ENN_undersample = EditedNearestNeighbours()
X_train_ENN, y_train_ENN = ENN_undersample.fit_resample(X_train, y_train)

print("Class distribution after ENN undersampling:", np.bincount(y_train_ENN))

clf.fit(X_train_ENN, y_train_ENN)
y_pred_ENN = clf.predict(X_test)

print("Undersampling Results:")
print(classification_report(y_test, y_pred_ENN))

**Random Over Sampler:** Random oversampling randomly chooses minority samples (with replacement) and adds duplicates until class counts match.

In [None]:
ROS = RandomOverSampler(random_state=42)
X_train_ros, y_train_ros = ROS.fit_resample(X_train, y_train)

print("Class distribution after Random Over Sampler:", np.bincount(y_train_ros))

clf.fit(X_train_ros, y_train_ros)
y_pred_ros = clf.predict(X_test)

print("Random Over Sampler Results:")
print(classification_report(y_test, y_pred_ros))

### SMOTE (Synthetic Minority Oversampling Technique)

- **Idea:** Instead of duplicating minority samples (like Random Oversampling), SMOTE creates **synthetic samples**.
- **How it works:**
  1. For each minority sample, find its *k nearest minority neighbors* (default k=5).
  2. Randomly choose one neighbor.
  3. Create a synthetic sample **between the two points** by interpolation.
- **Result:** The minority class grows with *new, artificial points* that are not exact copies.

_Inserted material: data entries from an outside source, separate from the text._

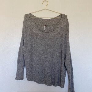 FREE PEOPLE Off-Shoulder Asymmetric Hem Pullover Sweater in Gray SZ M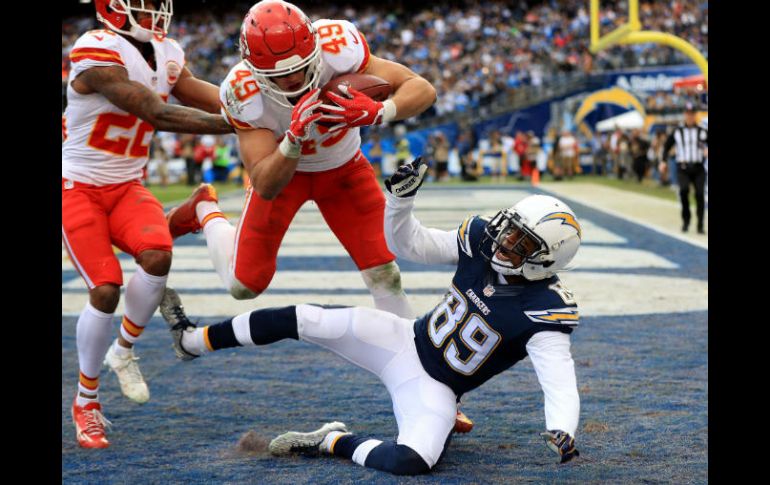 SAN DIEGO, ESTADOS UNIDOS (01/ENE/2017).- Jefes de Kansas City (12-4) se adjudicó el título de la División Oeste de la Conferencia Americana (AFC) de la NFL, al combinar su derrota de 37-27 sobre Cargadores de San Diego (5-11) con un revés de Raiders de Oakland (12-4) ante Broncos de Denver (8-8).La "tribu" necesitaba ganar hoy en el Qualcomm Stadium de San Diego, California, y esperar una derrota de los "malosos" en la Milla Alta para hacerse con el banderín del sector. Las dos condiciones se dieron en esta semana 17, última de acción en la temporada 2016 de la Liga Nacional de Futbol Americano (NFL).La marca perfecta de Kansas City, de seis ganados sin derrota, ante rivales de su división, fue lo que le valió quedar por encima de Oakland, 3-3 ante equipos de su sector, en la carrera por la postemporada, aunque Raiders ya tenía amarrado, al menos, el boleto de comodín.Al final del encuentro, el pasador visitante Alex Smith completó 21 pases en 28 intentos, con 264 yardas de ganancia, un interceptado y dos de anotación con el corredor Charcandrick West, de cuatro y dos yardas, además de conseguir uno más en personal de cinco.Del lado local, Philip Rivers acertó 22 de 38, dos interceptados, para 269 yardas y dos de anotación con los alas cerradas Antonio Gates, de dos yardas, y Hunter Henry, de 12.Con este triunfo, Jefes se convirtió en el segundo sembrado de la AFC; así aseguró descansar en la ronda de comodines y espera rival para la divisional.Raiders, por su cuenta, deberá enfrentar la próxima semana al campeón de la AFC Sur, Texanos de Houston (9-7).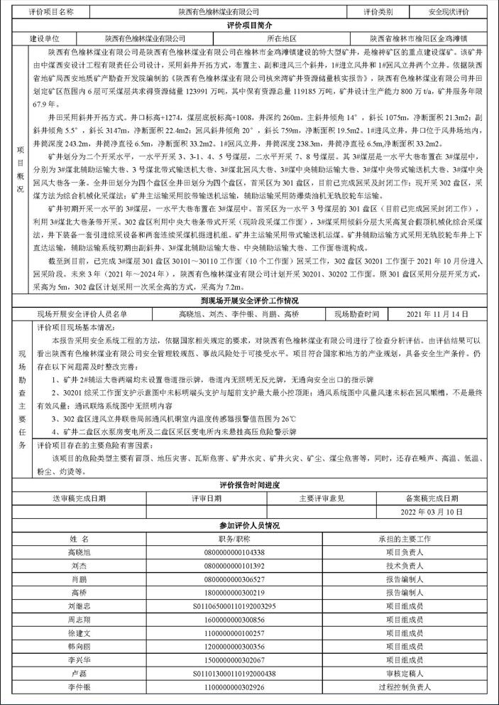 KLDAP[2022]-煤炭-現(xiàn)-1 陜西有色榆林煤業(yè)有限公司安全現(xiàn)狀評(píng)價(jià)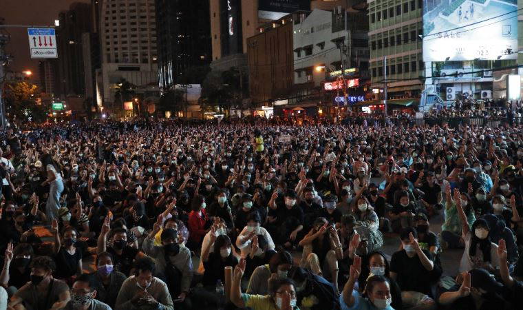Tayland’daki hükümet ve monarşi karşıtı protestolar devam ediyor. Başkent Bangkok’ta ilan edilen acil durum kararına rağmen binlerce kişi başkent sokaklarını ele geçirdi. Göstericiler, başkentteki önemli kavşaklarda bir araya gelirken, Bangkok’un en önemli ulaşım merkezlerinden ikisi olan Zafer Anıtı ve Asok’u ele geçirdi.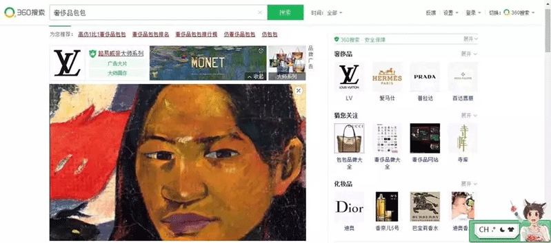 针对关注奢侈品大品类的LV潜在用户,360搜索品牌臻选可在其搜索奢侈品、包包、香水等相关信息时,优先显示LV品牌信息,引起用户对LV的兴趣,深度挖掘潜在消费倾向。

 **Benefit:** Reduces overfitting (compared to simple duplication).  
 **Limitation:** Can generate samples in regions where classes overlap → may introduce noise.

---

In [None]:
# SMOTE Oversampling

smote = SMOTE(random_state=42)
X_train_smote, y_train_smote = smote.fit_resample(X_train, y_train)

print("Class distribution after SMOTE:", np.bincount(y_train_smote))

clf.fit(X_train_smote, y_train_smote)
y_pred_smote = clf.predict(X_test)

print("SMOTE Results:")
print(classification_report(y_test, y_pred_smote))


### Borderline-SMOTE

- **Idea:** A smarter version of SMOTE that only generates synthetic samples for **minority points near the decision boundary**.
- **How it works:**
  1. Identify minority samples whose neighbors are **mostly majority class** → these are "borderline" points.
  2. Generate synthetic samples **around these borderline cases**.
- **Result:** Focuses oversampling where it matters most: the **class boundary**.

**Benefit:** Strengthens the classifier in the hardest-to-learn region (the boundary).  
**Limitation:** May overfit borderline noise if the boundary is very fuzzy.

In [None]:
#BorderlineSMOTE

BLsmote = BorderlineSMOTE(random_state=42)
X_train_blsmote, y_train_blsmote = BLsmote.fit_resample(X_train, y_train)

print("Class distribution after BL SMOTE:", np.bincount(y_train_blsmote))

clf.fit(X_train_blsmote, y_train_blsmote)
y_pred_blsmote = clf.predict(X_test)

print("BL SMOTE Results:")
print(classification_report(y_test, y_pred_blsmote))


* When to use:

  Whenever target variable distribution is skewed   (imbalanced).
  
  Critical in classification tasks like fraud   detection, churn prediction, medical diagnosis.